1) Insulators - These materials have high electrical resistance, meaning that electrons within the material do not move (they have strong covalent bonds). An example of this is Silicon Dioxide (SiO2).

2) Conductors - These materials have low electrical resistance which allows electrons to easily move about. These materials have valence electrons, meaning that its atoms have incomplete outer shells, so that when they get close to each other, they share electrons. Examples of these materials are gold, aluminum, and (most recently) copper. Polysilicon is also a conductor.

3) Semiconductors - These materials resist the flow of electricity, and are between conductors and insulators. They can carry electrical current via holes or free electrons. Silicon has 4 valence electrons per atom, Boron has 3, and Phosphorus has 5. An atom of Silicon bonds with 4 other silicon atoms, but these bonds randomly break.
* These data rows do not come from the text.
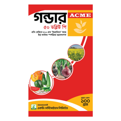 প্রতি লিটার পানিতে ২ গ্রাম গন্ডার ৫০ ডব্লিউপি ভালোভাবে মিশিয়ে ফসলে সম্পূর্ণভাবে স্প্রে করুন।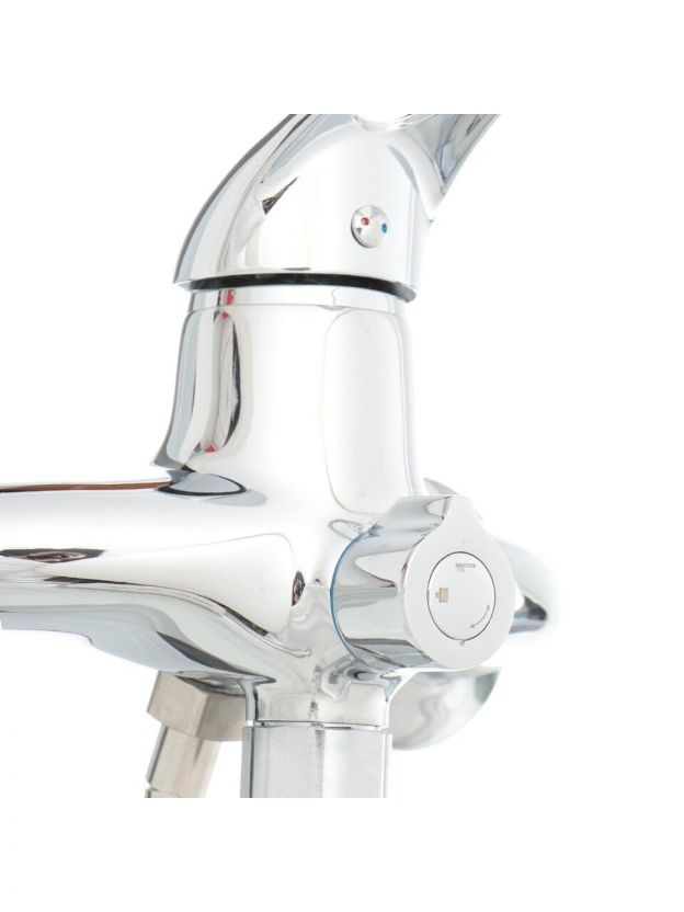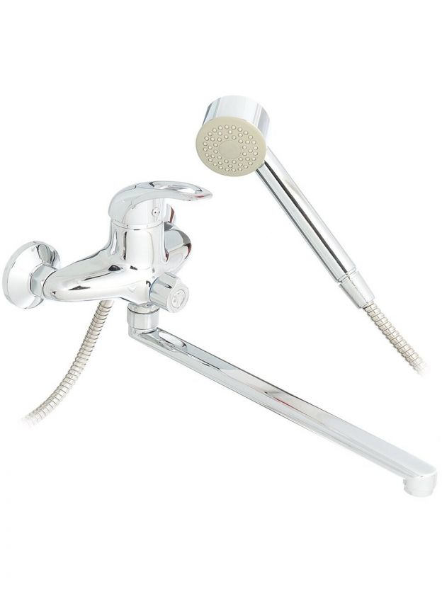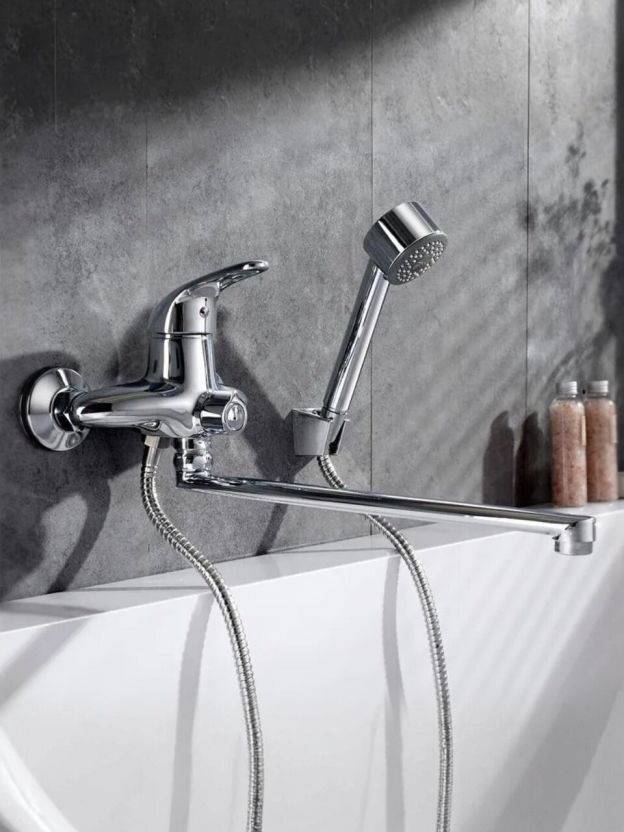 Длина излива — 32 см (длинный), что удобно для стандартных ванн и позволяет использовать смеситель как для ванны, так и для душа благодаря наличию лейки в комплекте.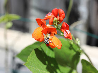 Blue banded bee, really loves the scarlet runners. Also have another small native bee buzz pollinating my tomatoes and eggplants.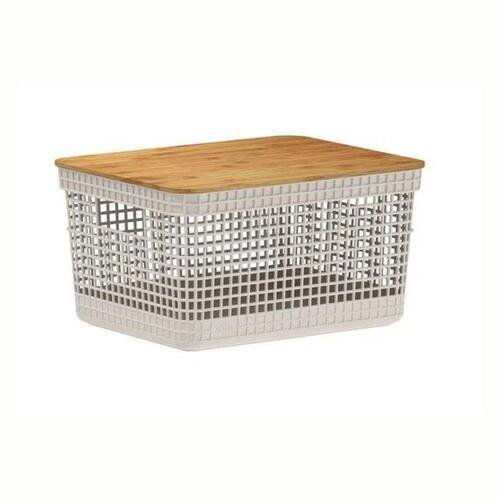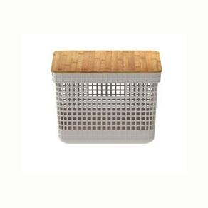 Cesto Organizador Grid Com Tampa Em Bambu 8L Ou Bege -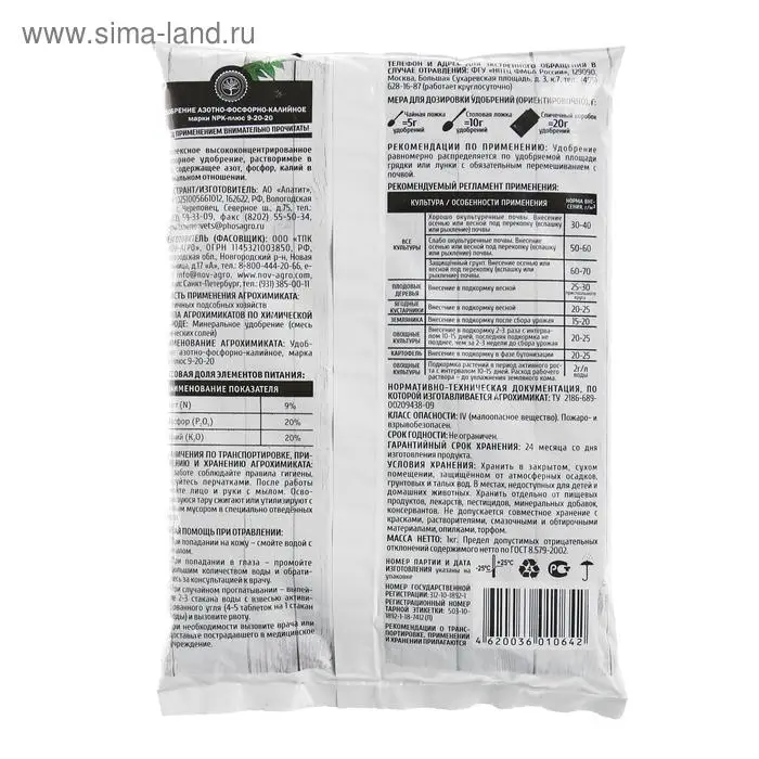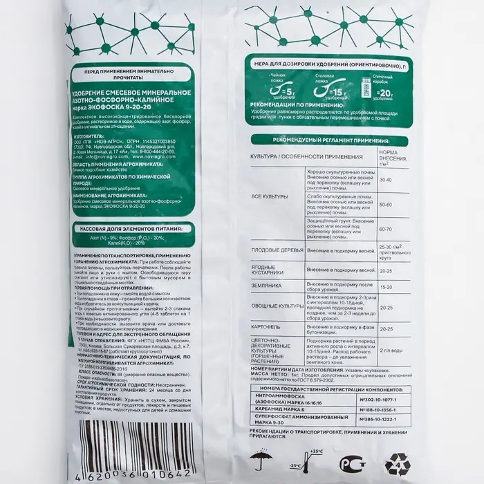 Состав: N-9%, P2O5 – 20%, K2O – 20%.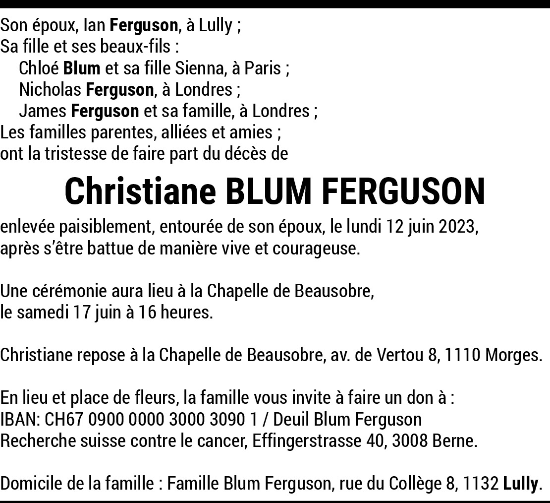 14.06.2023 Melden My deepest sympathy to you Ian and to your family. Christiane was an extraordinary woman, I have many fond memories of her. She is now at peace. Von Garbani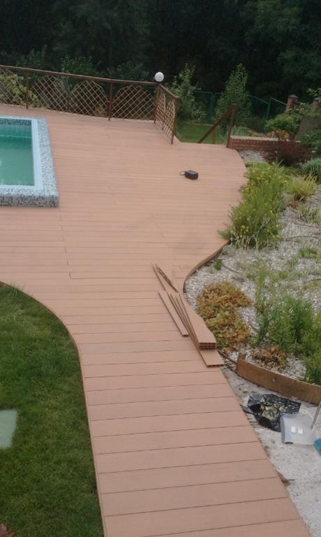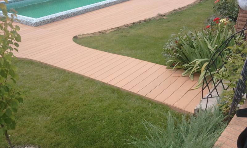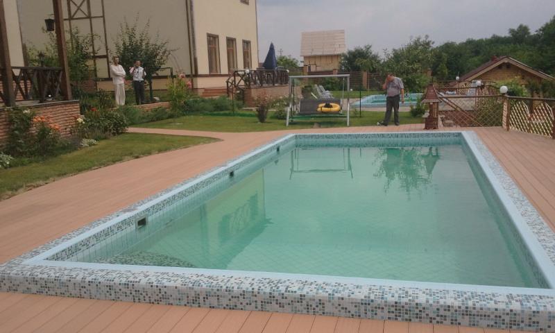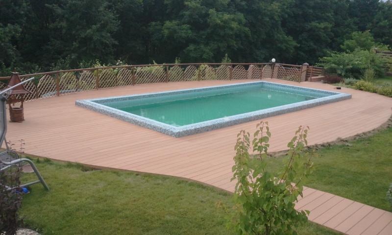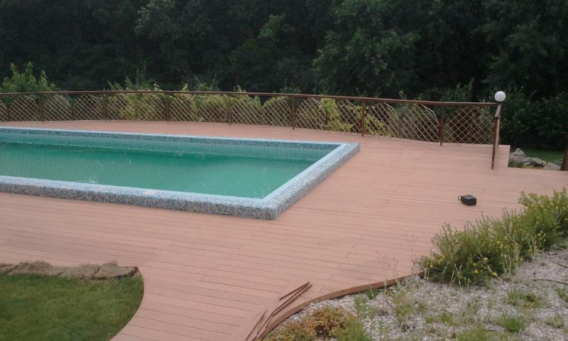 Использование террасной доски Terranson (Китай), оформление бассейна. Монтаж террасы производился на бетонной стяжке, с использованием лаг. Монтаж на бетонной стяжке возможен при условии идеально ровной поверхности.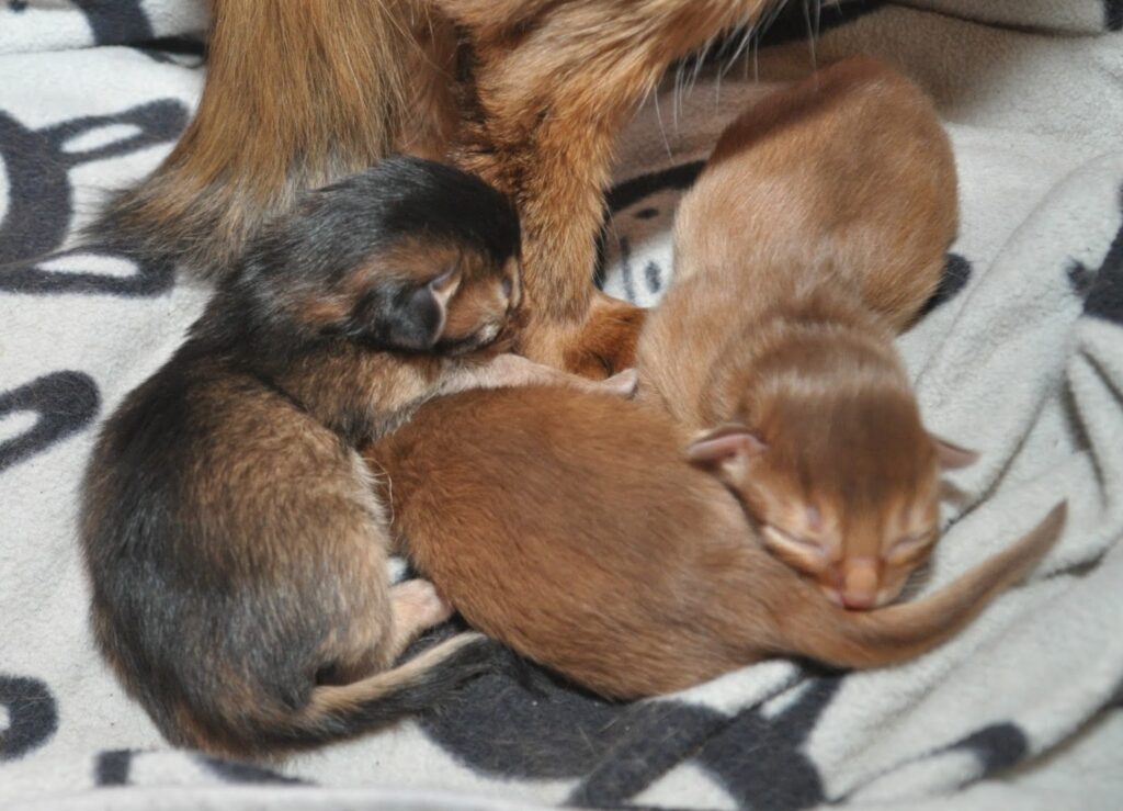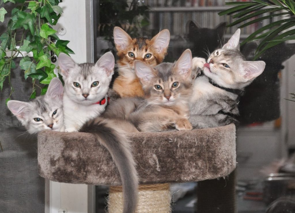 Ze was al snel goede maatjes met de Abessijnse kater Franz. Die bleek niet gecastreerd te zijn… Het was vooraf niet besproken of ze met Jewel een nestje wilden fokken maar dit was een leuke optie voor later. Helaas haalde Franz dat niet. Hij ging sproeien nadat een keer een vreemde kat het huis was binnengedrongen en moest gecastreerd worden. Maar Bashiir nam graag die taak van hem over.

As a result, electrons are freed (hence the term "free electrons"), and fill in holes. Holes are formed when an electron is freed. By adding Boron or Phosphorus, the number of holes (Boron) or free electrons (Phosphorus) are increased. This process is called "doping". Silicon doped with Boron is called a p-type semiconductor, and Silicon doped with Phosphorus is called an n-type semiconductor.

When a wafer of silicon is created, it is doped with Boron. A layer of Silicon Dioxide then covers the surface, but can be removed as needed. Phosphorus can form a n-type region in the silicon substrate when enough of it is used to nullify the Boron in that area.